September 23, 2021.  The unscrupulous actors racing to the bottom of despicable healthcare fraud have set a new floor.  A recent nationwide federal law enforcement action resulted in criminal charges against almost 140 medical professionals in 31 districts across the United States for telemedicine fraud, COVID-19 health care fraud, substance abuse treatment facilities fraud, and illegal opioid distribution schemes.  Of these, the telemedicine fraud outpaced the amount of the other fraud schemes by more than three times the amount of fraud loss.

According to the allegations, 50 criminal defendants in 11 judicial districts billed over $1.1 billion in false and fraudulent telemedicine-related claims to Medicare.  At the onset of the pandemic, Medicare expanded telehealth rules, allowing providers to better connect with homebound elderly and vulnerable patients.  Fraudsters took advantage of that expansion, and the DOJ has increased enforcement activity in this space, with the creation of the National Rapid Response Strike Force, which coordinated this most recent set of healthcare fraud takedowns.

In a February 2021, the Principal Deputy Inspector General at the Department of Health and Human Services Office of the Inspector General (HHS OIG) released a statement differentiating between telefraud and telehealth fraud, as OIG investigates both types of fraud.  Telefraud involves “telemarketing schemes in combination with unscrupulous doctors conducting sham remote visits to increase the size and scale of the perpetrator’s criminal operations.”  These telemarketing fraudsters do not bill for the telehealth visits themselves but instead bill government-funded healthcare programs for (often medically unnecessary) durable medical equipment or genetic tests.

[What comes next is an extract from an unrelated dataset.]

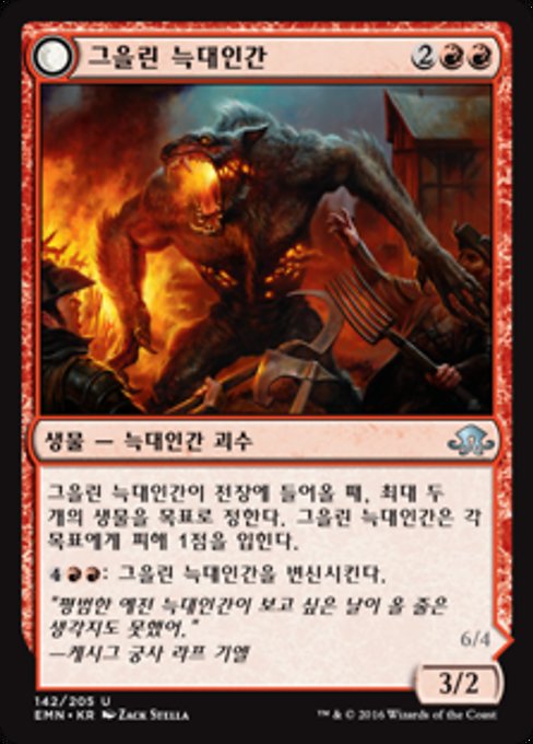 그을린 늑대인간이 전장에 들어올 때, 최대 두 개의 생물을 목표로 정한다. 그을린 늑대인간은 각 목표에게 피해 1점을 입힌다.

Fraudulent manipulation of telemedicine harms Medicare beneficiaries’ future virtual provider access.  As the COVID-19 pandemic has shown in some regard, virtual access to care can be beneficial to patients with limited mobility or to immunocompromised patients.  As long as someone has Internet access via a mobile phone, telehealth can “level the playing field,” as it were, in providing access to care to a broad range of people.  HHS OIG supports increased telehealth flexibilities, with a 2019 study showing that “telehealth can be an important tool to improve patient access to behavioral health services.”  HHS OIG also has to ensure “new policies and technologies with potential to improve care and enhance convenience achieve these goals [without being] compromised by fraud, abuse, or misuse.”  Their reviews of telehealth expansion for government-funded healthcare programs “will provide objective findings and recommendations that can further inform policymakers and other stakeholders considering what telehealth flexibilities should be permanent.”

Whistleblowers can help make sure these emerging medical technologies steer clear of fraud, waste, and abuse.  Whistleblowers who report fraud against government programs may be entitled to receive 15-25% of the government’s recovery.